Hi Fred. Welcome!
I have a family of four, too, and we now eat a LOT of eggs. Let me tell you, we love them so much, plus we're healthier, I swear. There are a lot of vitamins and protein in eggs, and my doctor just told me that there really isn't a cholesterol problem with eggs, that was all a myth. Yay! I eat about two a day.
We have 13 hens and a rooster. You can see my breeds below -- all brown eggs. I chose them as good winter layers because our winters are long here. We now get between 9 and 12 eggs a day and have enough to give away, plus we put out an egg stand once every week or two.
The best and most consistent layers are the Rhode Island Reds, the Jersey Giants, and the Delawares. Apparently leghorns give good white eggs, but I think plain white chickens look boring. Everyone likes our brown eggs, too.
I just ordered six more chicks for this spring, because I couldn't help myself, and I know we can sell all the eggs.
I was going to do meat chickens, too, but my kids talked me out of it. I would do it totally separate from the egg layers, because the egg layers are too much like pets.
This is what I'd do: Order 25 meat chickens in spring and keep them in a tractor or a movable pen so that they have access to clean grass every day. They grow fast and poop a lot and I think they'd make an awful lot of mess in a coop. You can look up "pastured poultry" and see what I mean. Then you have them butchered about 6-8 weeks later.

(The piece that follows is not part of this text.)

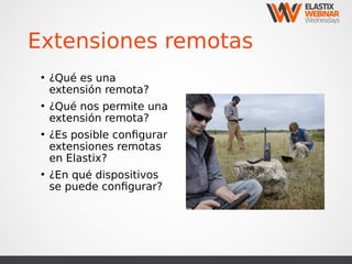 Este documento describe cómo configurar extensiones remotas seguras en Elastix a través de una red privada virtual (VPN) implementando el servicio OpenVPN. Explica los escenarios de Elastix detrás de un firewall y conectada a Internet, y los pasos para instalar paquetes VPN, generar certificados, configurar archivos de cliente y servidor, e implementar clientes VPN en dispositivos Android, iOS y Windows.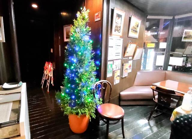 夜だったせいもあり、お店の外までクリスマスツリーの灯が漏れていました。

-- Oh, about coop size: you need four square feet per chicken in a henhouse and another ten square feet in a run. HOWEVER! I noticed that my chickens rarely use the full run space. Most of the year they free range, and in the winter they like to snuggle up in the henhouse. So I think it would be okay to skimp a little on the size of the run. I wouldn't skimp on the size of the henhouse, though.